TOM JONES (1963) C widescreen 131m dir: Tony Richardson
w/Albert Finney, Susannah York, Hugh Griffith, Edith Evans, Joan Greenwood, Diane Cilento, George Devine, David Tomlinson, Joyce Redman, George A. Cooper, Lynn Redgrave
From The Movie Guide: "A rollicking comedic condensation of [Henry] Fielding's sprawling novel about a lusty young man's adventures in 18th-Century England, TOM JONES was an enormous box office success that won four Oscars for Best Picture, Best Screenplay [John Osborne], Best Direction, and Best Score [John Addison].
"Featuring superb performances from Albert Finney and Susannah York and marking the film debut of Lynn Redgrave, TOM JONES is a brilliant melding of naturalistic 18th-Century backgrounds with frantic, Keystone Kops-style slapstick and silent film devices like undercranking, titles, wipes, stop-motion photography, etc. Cutting down and molding Fielding's huge 1749 episodic novel was a gargantuan task. Screenwriter Osborne, best known for social realist works like LOOK BACK IN ANGER, may have seemed an odd choice (Richardson and Osborne were both from the 'Angry Young Man' school), but he succeeded beyond all expectations.

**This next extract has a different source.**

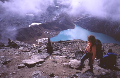 J9 : 4 octobre 2003............... Gokyo (4750 m) - Gokyo Peak (5350 m) - Gokyo......A 6 h en allant prendre mon habituel café au lait au milieu de l'équipe de cuisine qui s'affaire à la préparation du petit déjeuner, la masse imposante du Cho Oyu est éclairée par le soleil levant et me fait regretter l'oubli de l'appareil photo. Malgré la présence dans ma photothèque de milliers de photos du Népal qui attendent un hypothétique classement il y à encore des images uniques à sauver des oubliettes de la mémoire comme ce crépuscule d'hier soir sur le lac quand le turquoise vire au gris que le "numérique" aurai pu traduire avec brio Il faut dire que cette nouvelle technique renouvelle et enrichit cette ancienne passion. Ce matin Marie Christine se sent très mal : nausée, vomissements et dème facial, elle arrive en pleurs au petit déjeuner.Je la rassure, |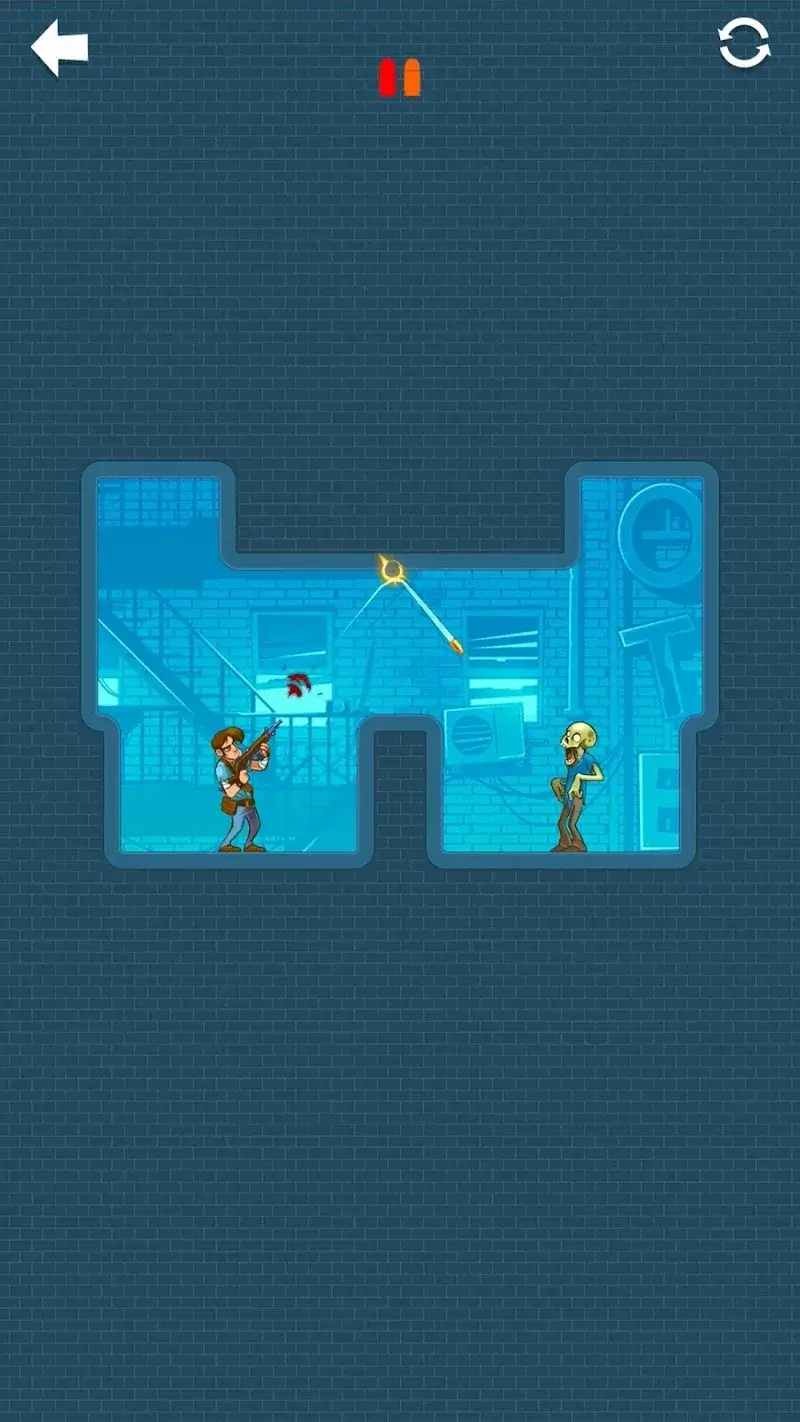 Creative bullet bounce: The game organizes difficult matches against zombies. Players will have to use physics knowledge to calculate the rebound angle of bullets when colliding with the wall. Creative gameplay will help players improve their performance.

"Several set pieces stand out in memory: the huge stag hunt at the estate of Griffith; the Georges Feydeau-style bedroom farce at the inn; but, most of all, the famous Redman-Finney scene which, while it shows nothing sexual --- just two people staring into each other's eyes as they rip food apart and stuff it in their faces --- remains among the most cheekily erotic few minutes in cinema. The other achievement of TOM JONES was that it put Fielding's novel back onto the best-seller lists, more than two centuries after it was published."
TOM JONES was also nominated for Oscars for Best Actor (Finney), Supporting Actor (Griffith), Supporting Actress (three nominations: Cilento, Evans, Redman), and Art Direction (Ralph Brinton, Ted Marshall, Jocelyn Herbert, Josie MacAvin).